Yeah, 2008 is shaping up to be a REAL good year....

State of the Presidential Race

Who can even guess what's gonna happen next at this point? Last week at this time, the Republican race still looked volatile, but it seemed all but certain that Barack Obama's surge of momentum who help him put away the Democratic nomination in short order. Think again. In a political turn of events that hearkens back thoughts of "Dewey Defeats Truman", Hillary Clinton defied everybody's expectations and won the New Hampshire primary last Tuesday. This changes everything in so many ways. Is Obama's momentum finished? Will black voters in South Carolina (and elsewhere) revert to their original belief that Obama can't be elected by whites and thus go back to the Hillary camp? It's all up in the air and anybody's guess is as good as mine, but it seems far more likely that the race will be a dogfight at this point.

Whichever Democrat wins the nomination, I have a hard time imagining them winning a national election. Whatever buzz the charismatic Obama generates, he can't go eight months running a campaign of mostly feel-good platitudes without being called on it. And he has to deliver with due gravitas when the time comes. Beyond that, the media and many supporters are going to frame every aspect of the campaign, good or bad, within the context of race. It's already happening. When Bill Clinton said Obama's long-standing opposition to the war in Iraq was "the biggest fairy tale he's ever seen", it's absurdly being spun as a slam against the electability of a black man. The surprise poll results in New Hampshire are now being sold as stealth white racism, with New Hampshire Dems being unable to pull the lever for a black man once they get into the voting booth, despite what they may have said to pollsters.

This is exactly the sort of thing I feared regarding Obama. Americans are not gonna be willing to be called racist pigs by the media every day for nine months without generating an anti-Obama backlash. And we all know the huge liabilities Hillary Clinton brings to this race. The Democratic voters who are so "happy with their choices" this year are almost certain to feel an anguished buyer's remorse this summer when they realize that both of these candidates have incredibly long odds to win an election.

The Republican side is more up in the air than the Democrats, but unfortunately it now appears that the two frontrunners are the very Republican candidates I recognized a year ago as the most difficult adversaries to defeat next November, John McCain and Mike Huckabee. If Willard doesn't win Michigan on Tuesday, he's almost certainly finished, and his prospects are dim even if he does win since the map doesn't work in his favor in the weeks ahead. Fred Thompson could conceivably be a player if he wins South Carolina, since so many of the Super Tuesday states the following week are in the South, but his prospects seem very weak now that Huckabee is gonna split the Southern vote with him. Rudy Giuliani needs a big win in Florida to propel him into Super Tuesday, but that doesn't seem likely at this point as his poll numbers even in Florida seem to be downwardly mobile.

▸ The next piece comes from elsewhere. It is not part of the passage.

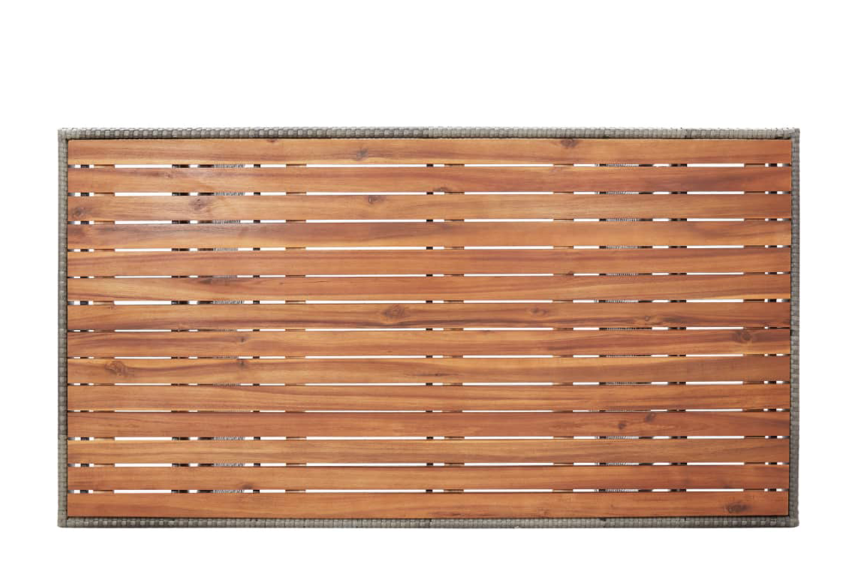 - Materiał korpus: lite drewno akacjowe, rattan PE, stal

Obviously, factions within the Republican will be wringing their hands if either of the heretic candidates, McCain or Huckabee, get the nomination, but it's highly unlikely that that will matter come November as the vast majority of Republicans will stand by their candidate once there's an actual Democratic bogeyman on the ballot that "could win". As much as the hard-right purists used to getting their way on everything may detest the Republican candidates who occasionally deviate from the party platform, the opposition will assuredly scare them into supporting the Republican. And the independent appeal of John McCain or the everyman appeal of the folksy Huckabee will steal would-be votes from Democrats in a way that the less likable and hard-right Giuliani, Thompson, and Willard would not be able to.

As much as I enjoy the uncanny competitiveness of both parties' primaries, it's hard to get excited about the Democrats' prospects for the fall as they stand poised to nominate longshot candidates against personable and well-spoken Republicans with independent appeal, most likely with blistering downballot consequences.